A look into the Local Motors project can shed a little more light on this. Alex Fiechter, head of R&D and community management at Local Motors, explains (in the video below) that the large ORNL 3D-printing machine also contains a machining head for material removal, so that once the 3D part is printed in the rough it can be machined to needed tolerance/specifications.

Local Motors, a pioneer in the online design and hardware co-creation market and known for creating a really cool customizable car called the Rally Fighter, has agreed to build a 3D-printed electric car for the Association For Manufacturing Technology to be featured at the upcoming International Manufacturing Technology Show (IMTS) 2014 in Chicago, IL, September 8-13, 2014.

Local Motors Direct Digital Manufacturing (DDM) electric car concept to be demonstrated at IMTS 2014.

 

 

"We're printing the body and frame of the vehicle, along with seats and anything else that we can," says James Earle, advanced manufacturing engineer at Local Motors. "... The printed parts will all be one piece."

"We won't be printing the drive train components or any other electrical systems," says Earle.

A look at a video update that Local Motors posted recently gives some insight into what is going on with their IMTS car and the ORNL printer. In it, Fiechter explains how the printer first lays down the basic form of the polymer/carbon fiber part quickly and then the part is machined out (that's the subtractive part) to produce a finished result. Local Motors also says that it is investigating using ULTEM with carbon as one possible material and ABS with carbon as another.

Using this method, both standard "parts" and tooling can be created.

"We're using chopped fiber that is integrated into the plastic pellets we buy (we don't add it ourselves)," says Earle. "For FDM parts (fused deposition modeling, how we're printing the car), it's relatively new. We're one of only a few using carbon fiber to reinforce printed plastic at this scale, but there are a lot of people interested in the idea and studying it."

Earle says that they probably won't be 3D printing metal parts for the IMTS car, but the project engineers "have looked into printing custom fasteners that we could incorporate into the car as we print."

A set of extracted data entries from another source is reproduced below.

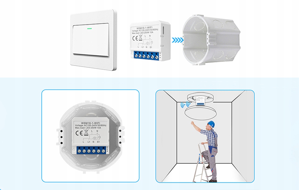 Dzięki kompaktowej konstrukcji model WSM16-W3 jest kompatybilny z różnymi rodzajami przełączników i pasuje do nawet 95% puszek instalacyjnych dostępnych na rynku. Możesz też przymocować go do lampy. Jego montaż nie sprawi Ci żadnego problemu ani nie zajmie zbyt wiele czasu. Co więcej, istnieje możliwość wykorzystania 2 przełączników do obsługi jednej lampy – takie rozwiązanie sprawdzi się na przykład w pobliżu schodów. Dzięki temu wygodnie zapalisz światło na parterze, a zgasisz je po wejściu na piętro!
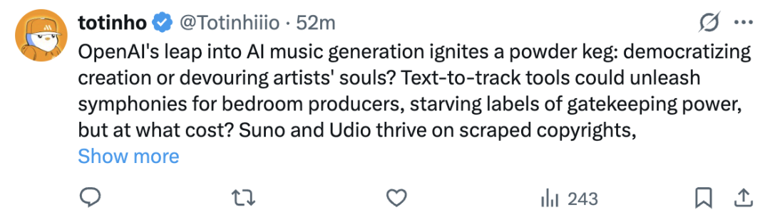 不过,鉴于Sora 2的前车之鉴,OpenAI这次的音乐产品还没出炉,就已经有不少人担心起了音乐人版权的问题。
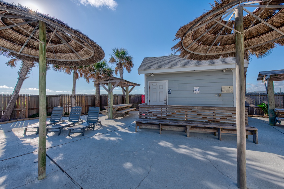 - Poolside loungers, chairs, and Tiki huts
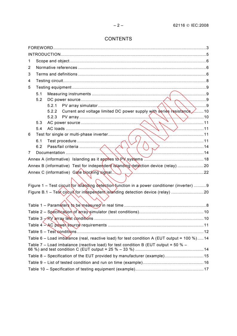 IEC 62116:2008 describes a guideline for testing the performance of automatic islanding prevention measures installed in or with single or multi-phase utility interactive PV inverters connected to the utility grid. The test procedure and criteria described are minimum requirements that will allow repeatability. Additional requirements or more stringent criteria may be specified if demonstrable risk can be shown. Inverters and other devices meeting the requirements of this standard are considered non-islanding as defined in IEC 61727.
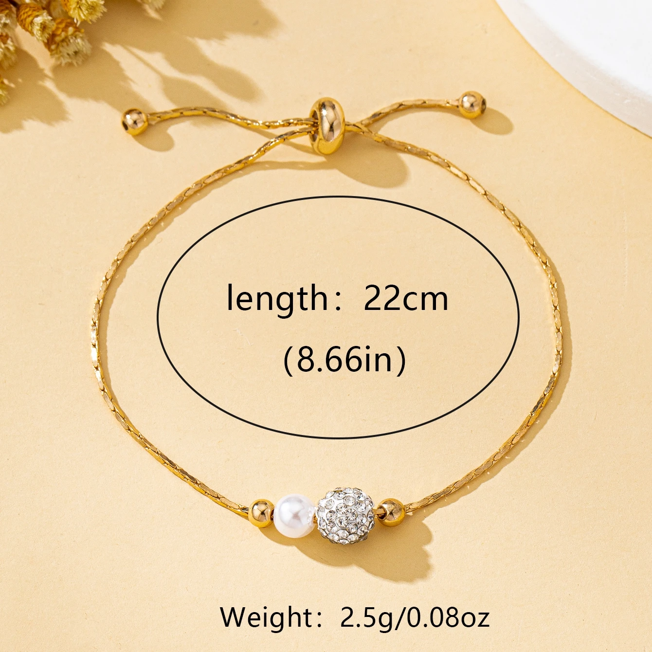 Lunessia apyrankė – plona, elegantiška auksinės spalvos grandinėlė su dviem akcentais: subtiliu perlo imitacijos karoliuku ir žvilgančiu faktūriniu rutuliuku. Minimalistinis dizainas atrodo moderniai ir lengvai, todėl apyrankė puikiai tinka tiek kasdienai, tiek atostogoms ar vasaros vakarams.
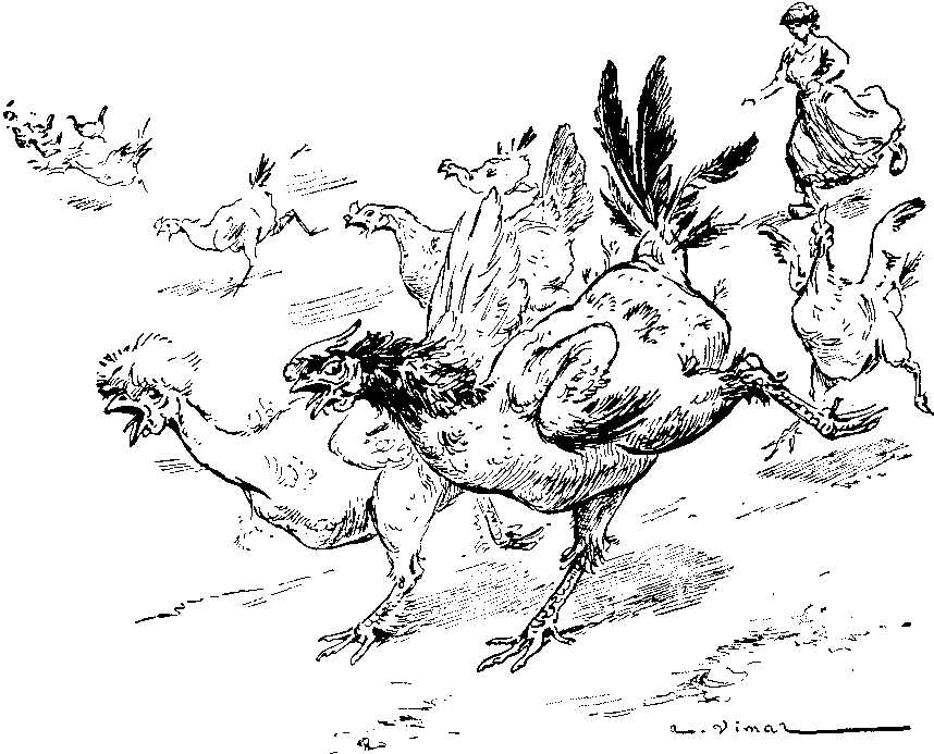 Meanwhile, Yollande was eating her heart out. She rushed to and fro, keeping her eyes glued on the disobedient ones. Suddenly she saw a mother-duck chasing her darlings. This was more than she could bear,—driven by her maternal instinct she leapt like a fury to the aid of her family.
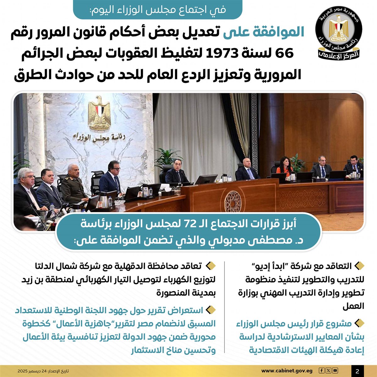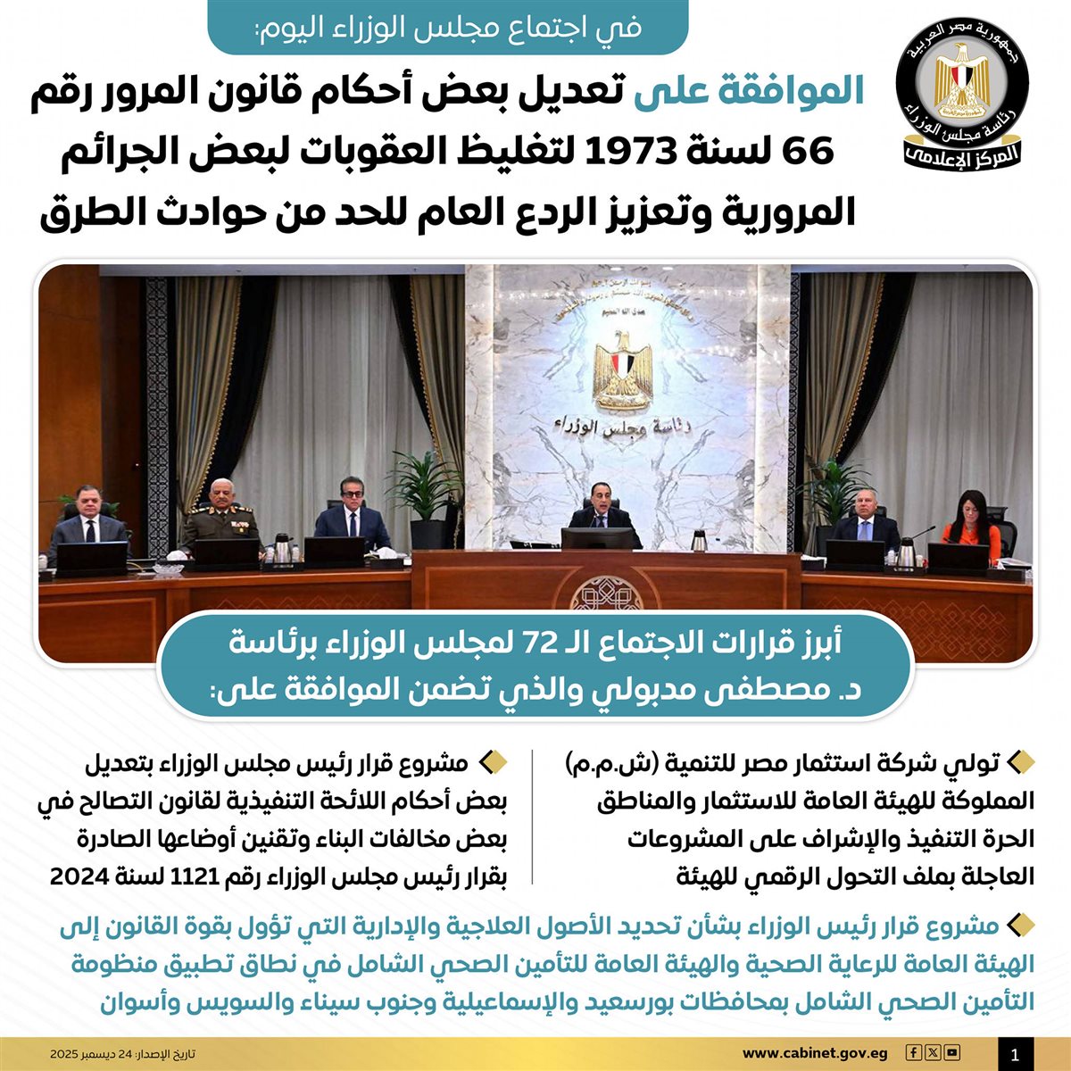 وافق مجلس الوزراء برئاسة الدكتور مصطفى مدبولي خلال اجتماعه في العاصمة الجدة اليوم الأربعاء، على مشروع تعديل بعض أحكام قانون المرور رقم 66 لسنة 1973، في خطوة تستهدف تشديد العقوبات على عدد من الجرائم المرورية الخطرة، وتعزيز الردع العام بما يسهم في الحد من حوادث الطرق وحماية أرواح المواطنين.

"For our purposes, we want to print a functional car," says Earle. "That means printing 'usable' parts. There is a lot of interest in the machine from other companies for use in creating dies for tooling purposes, e.g. to form sheet metal, but Local Motors wants the car to be printed in one piece. It's possible we may, in the future, use the printer to create molds for door panels or something, but initially no."